I never know in advance what will give me an idea: it could be a place, as in this case, or it could be something I hear from a friend which then seems to take root in me and lead to ideas, or it could be something I read in a newspaper. In the case of The Rock Boy, for instance, I was in Malta where my parents lived for many years, when I read the story of two brothers who hid over the wheel of an aeroplane in Kashmir and stowed away till the plane landed in Cairo, where they were found (sadly, the older brother died); that, together with the refugees that were arriving at the island in tiny boats, gave me the idea for the book. Sometimes, curiously, it’s just a sentence which comes into my head when I’m cycling or walking or swimming that leads me into a story. The opening to the story is never difficult, and sometimes the ending comes quickly too (but at first I try to ignore it). But then you have to write the rest!

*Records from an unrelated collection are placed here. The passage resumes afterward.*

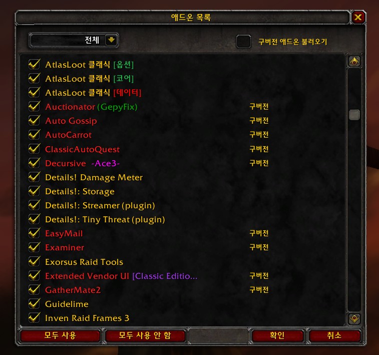 어둠땅에서 와우를 즐기실 때 애드온은 특별히 필요하지 않을 수 있습니다만, 클래식은 정말 아!!!무것도 없습니다. 무조껀 설치하세요. 애드온은 말 그대로 Add On 게임입니다. 게임의 재미를 더 할 수 있는 그런 장치라는 소리죠. 더불어 화면 또한 내가 좋아하는 식으로 바꾸어 더욱 재미를 즐길 수 있도록 하는거죠.
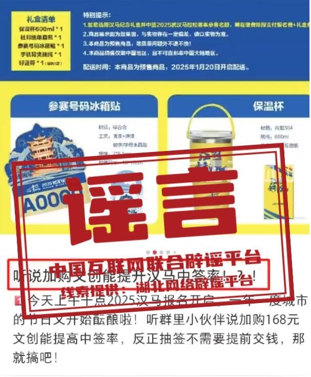 真相:近日,2025年武汉马拉松报名通道正式开启。在社交媒体上,有网民称“加购168元的文创套餐可以提高中签率”,引发关注。对此,武汉马拉松赛事主办方官方工作人员表示,“购买文创套餐不能提高中签率,此类信息纯属小道消息,一切以官方公告为准。”(来源:“湖北网络辟谣”微信公众号、@长江云新闻)
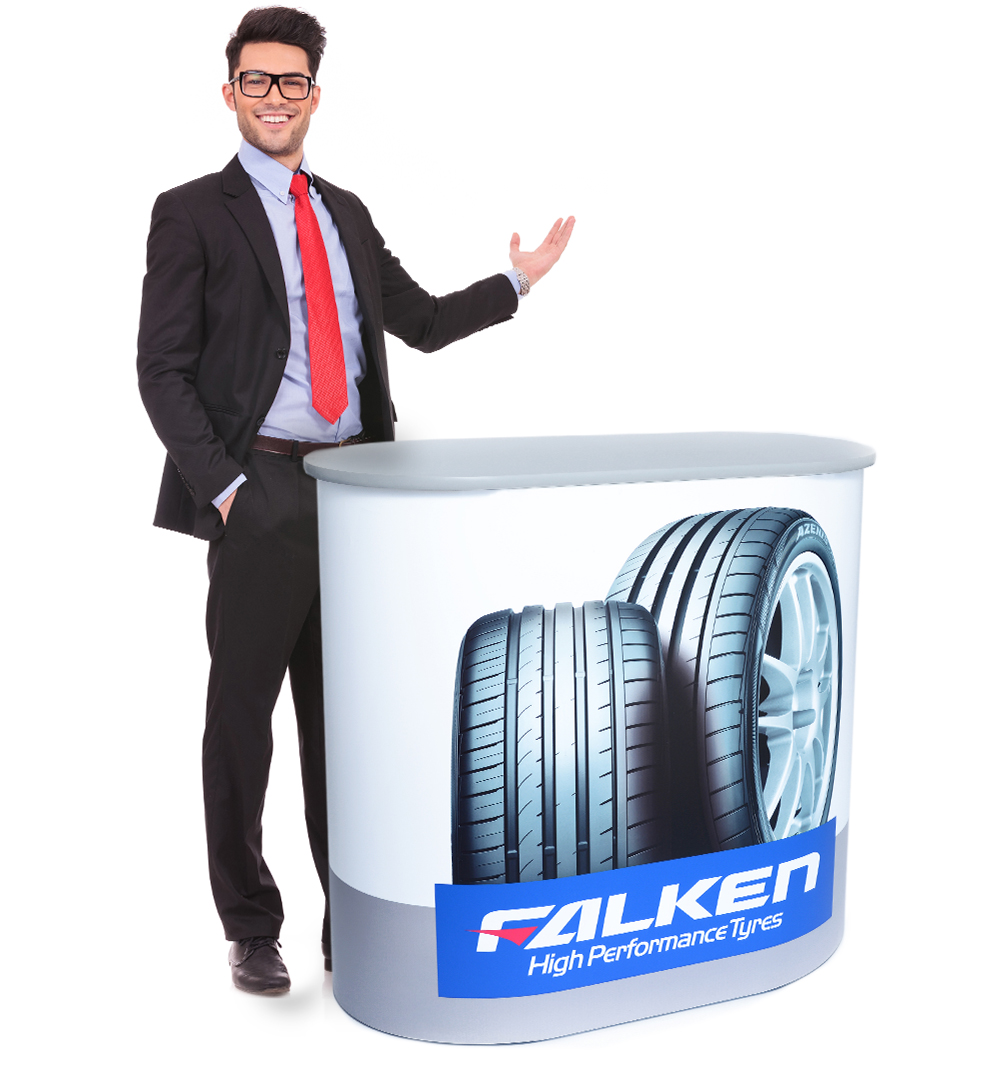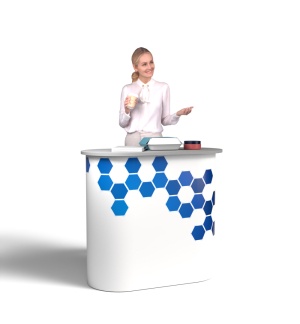 | Druckverfahren | 4-farb Digitaldruck im Sublimationsverfahren (Messewand und Beachflag) / 4-farb Digitaldruck (Theke) |
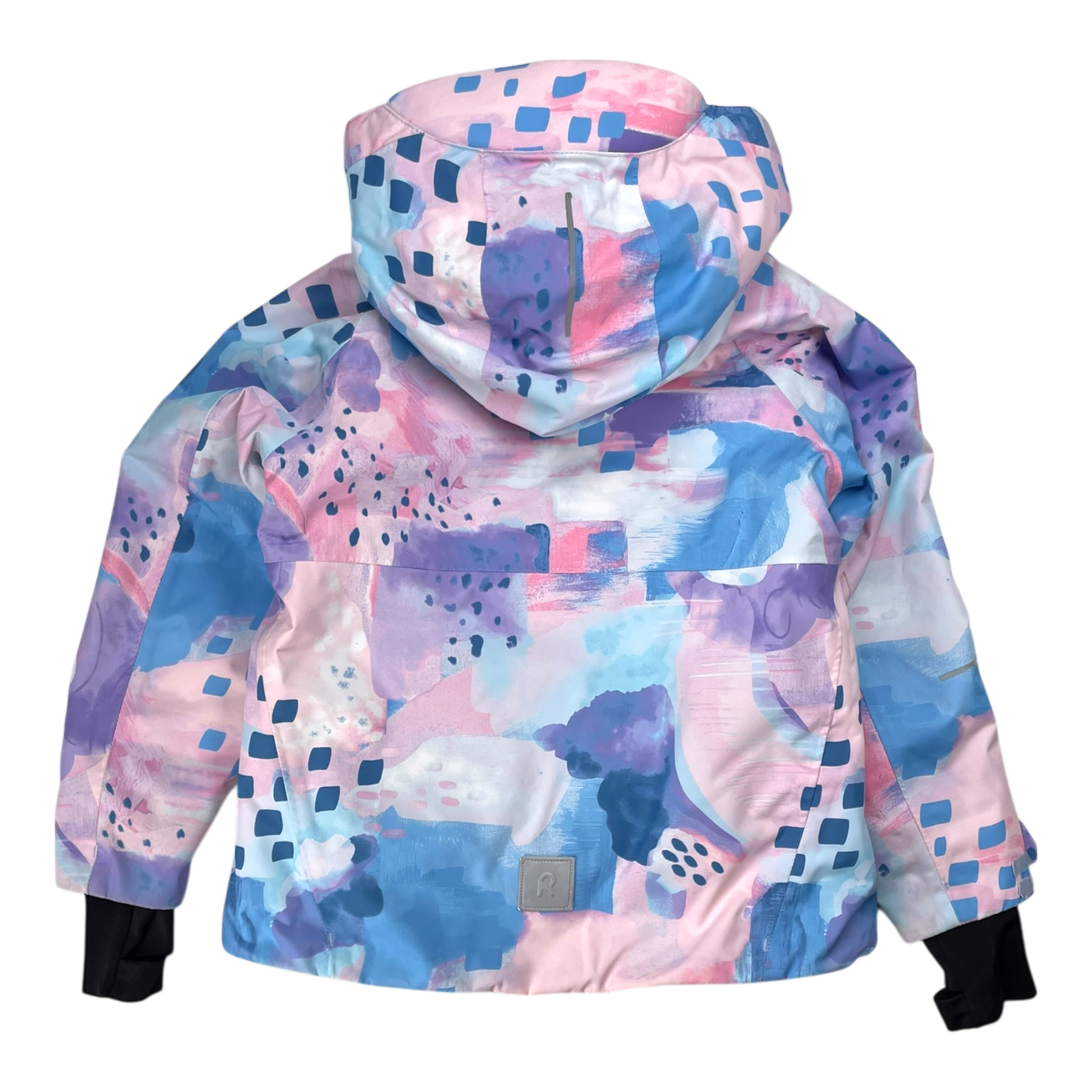Reima Posio winter jacket with detachable hood, adjustable cuffs, snowlock on the waist, smart ski pass sleeve pocket, and pockets with water-repellent zips. Sealed seams and the fabric is originally waterproof, up to 10,000mm water column.
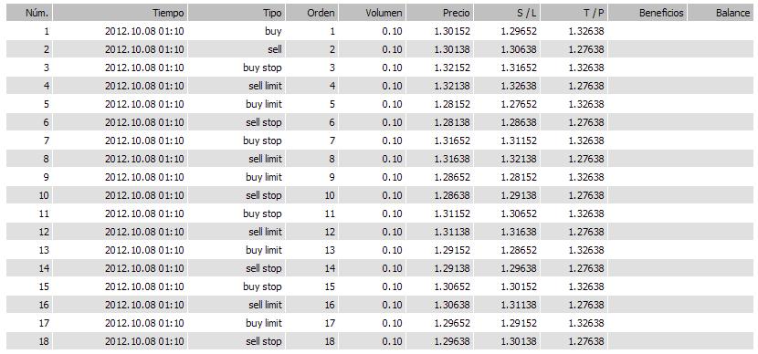 Una buy y una sell en el centro (1.30160) y cinco más por arriba y cinco más por abajo

Over the years I’ve written rather a lot of books; five, so far, for adults, and eight, so far, for children. I never know which is dearest to me; they all are. I’ve been lucky too in that several have been published in translation in other languages. One, Just Joshua, which won a prize in the Netherlands, has been published in Dutch, English, Japanese and German, and it was read out aloud on BBC Radio. The Rock Boy has even been made into a children’s opera. It was performed in Germany, in Leverkusen/Cologne in 2005, with a children’s orchestra, choir and soloists (six performances) and again in 2008 in Bonn in a completely new production (twenty-one performances). Another, Star over Amsterdam,was written as an oratorio and performed in Amsterdam by top soloists, choir and musicians, at Christmas in 2007; it’s set in Amsterdam which, in the story, has been invaded by American troops and Jesus is born there.

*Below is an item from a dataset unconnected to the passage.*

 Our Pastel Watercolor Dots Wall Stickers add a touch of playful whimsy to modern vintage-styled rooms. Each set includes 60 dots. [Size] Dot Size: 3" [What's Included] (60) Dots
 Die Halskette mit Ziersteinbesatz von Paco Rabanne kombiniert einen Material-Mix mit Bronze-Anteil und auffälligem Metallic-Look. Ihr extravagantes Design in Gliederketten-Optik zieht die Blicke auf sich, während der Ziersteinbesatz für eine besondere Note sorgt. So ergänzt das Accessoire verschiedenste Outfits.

My latest book Moorside Boy is set in ‘Seggleswick’ (which is actually Settle and in the village of Giggleswick across the river). It’s a story partly in the past and partly in the present. Without giving away the plot here, I can say that it’s for all who know and love Settle, as there are plenty of local places in the story (Settle Primary School, St Alkeda’s churchyard, Settle market place, Nelson the shoemaker, and so on). It’s partly in the present, and partly in the past. In the story, I have borrowed details from the life of Benjamin Waugh ‘the children’s friend’ who was born and brought up in Settle in the nineteenth century, and who went on to found the NSPCC. For that reason, I’ve decided to give all proceeds from the sale of the book to the NSPCC.

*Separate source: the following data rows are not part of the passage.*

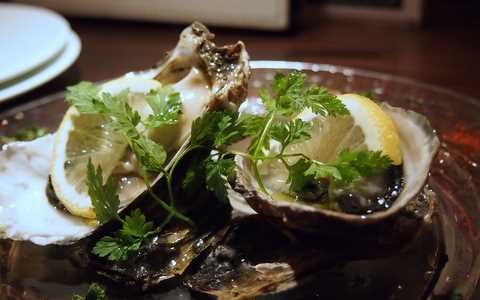 で、せっかくなので、盛られた魚介からカキを注文し、レモン風味の生牡蠣でいただきました。
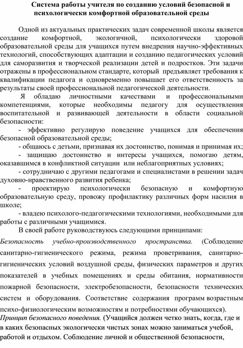Система работы учителя по созданию условий безопасной и психологически комфортной образовательной среды
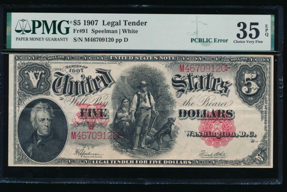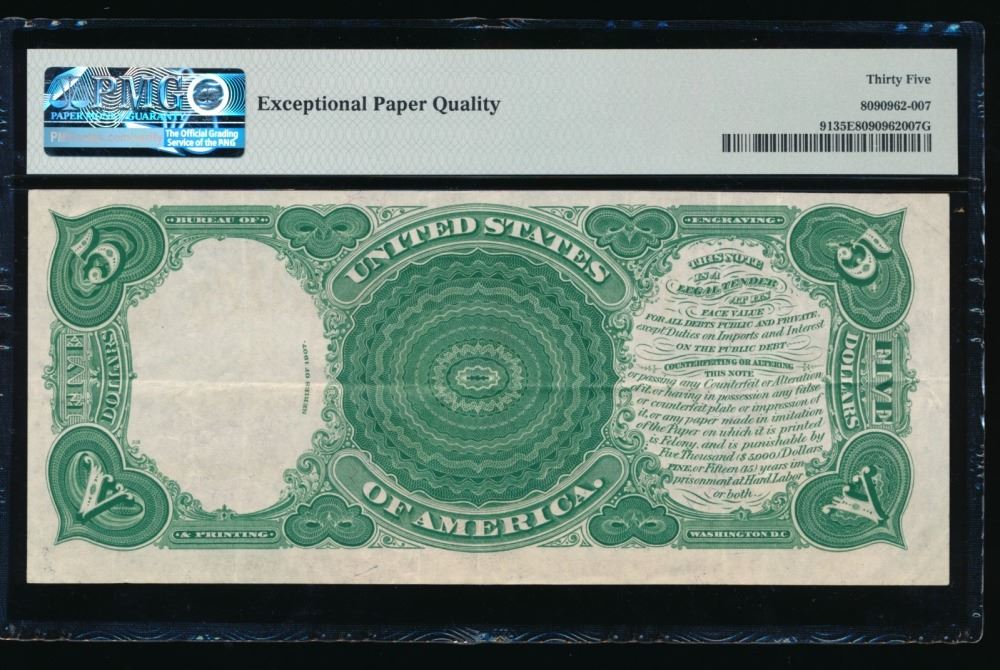 One 1907 $5 Legal Tender Note PMG 35EPQ.
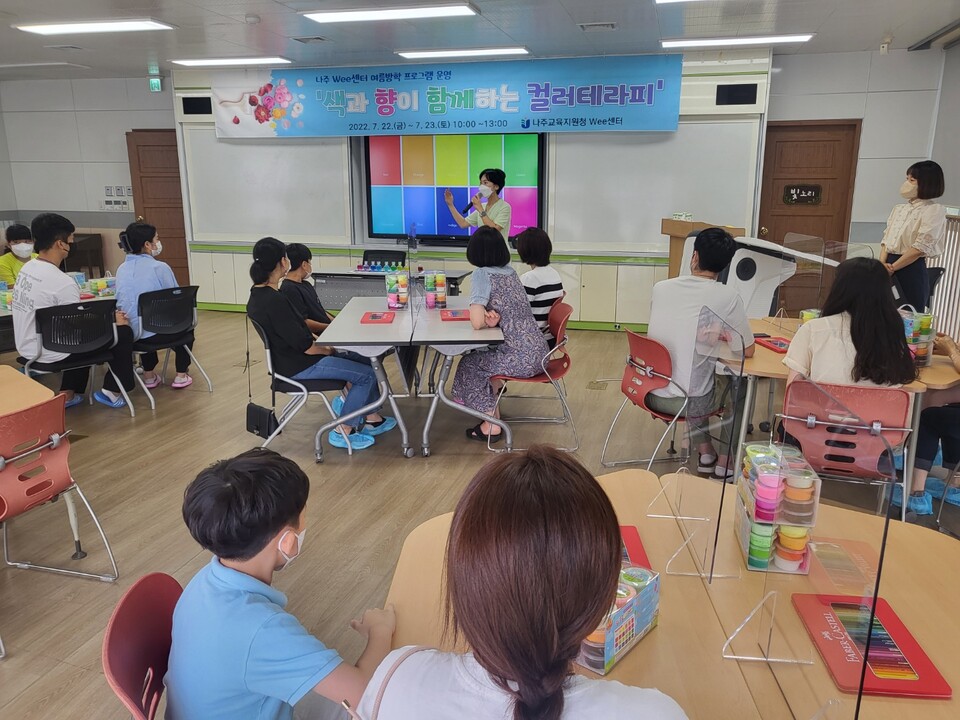 나주 Wee센터는 방학 중에 부모 자녀간에 함께 할 수 있는 시간을 마련하기 위해 ‘색과 향이 함께 하는 컬러테라피’ 힐링 프로그램을 실시했다. 이 프로그램은 색과 향을 통해 자신만의 스트레스를 진단하고 해소할 수 있으며, 부모-자녀간의 심리를 이해하고 기질을 분석해 해석하는 등 학생과 학부모들로부터 긍정적인 반응을 이끌어 내며 큰 호응을 얻었다.
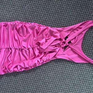 Stylish pink ruched dress with sleeveless design. Perfect for a night out.
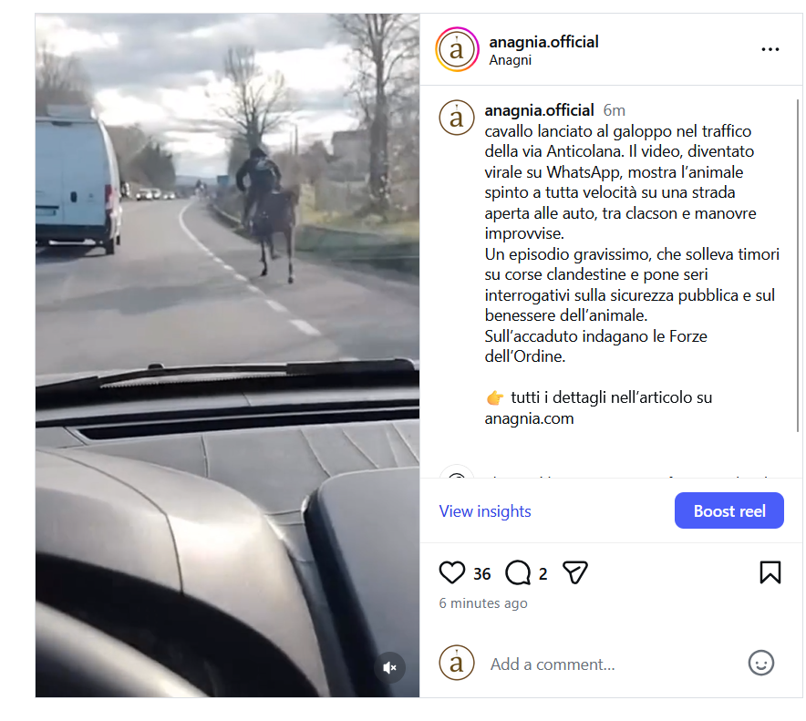 ANAGNI – Un video shock, diventato virale nel giro di poche ore sui gruppi whatsapp, indigna la comunità di Anagni – e non solo. Le immagini mostrano un cavallo con fantino in sella lanciato a tutta velocità lungo una delle arterie più trafficate della città, in mezzo alle auto e ai mezzi in transito, in una scena che lascia poco spazio all’immaginazione e solleva interrogativi inquietanti.
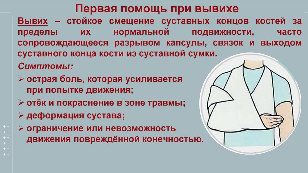 Первая помощь при вывихеВывих – стойкое смещение суставных концов костей за

William Golding is the writer that I most admire (his most famous book is The Lord of The Flies; if you haven’t read it yet, try reading it now); sometimes, when I’m about to start a new book, I read one of his, just to encourage me in my own writing. But the best book ever, the richest in every way, is the Bible. It is packed full with stories, some historical, some mysterious, some bloodthirsty, some inspiring. It’s packed full too of emotion. And when you think what it has meant to people down the ages, it’s stunning. Then, after that, if I had to choose two books to be locked in a room with for ever, the other would be the complete works of Shakespeare, because the poetry of his plays and his thinking are so wonderful. I could never get bored with either of those two books – and think how long they both are too! I also love books by A.A. Milne, Lewis Carroll, Tony Ross and Michael Morpurgo.

I don’t illustrate my books with pictures; the best person to illustrate them is you, the reader. What I try to do, is to paint a clear picture with words, so that you see the people and places that I describe in your mind.

When I'm not at work or writing my next book, I love to walk on the moors, to go for a bike ride, to travel, to swim (preferably out of doors), to read, to cook and eat with friends.

The best advice that I can give you if you want to be a writer? Read books, love books, and live life.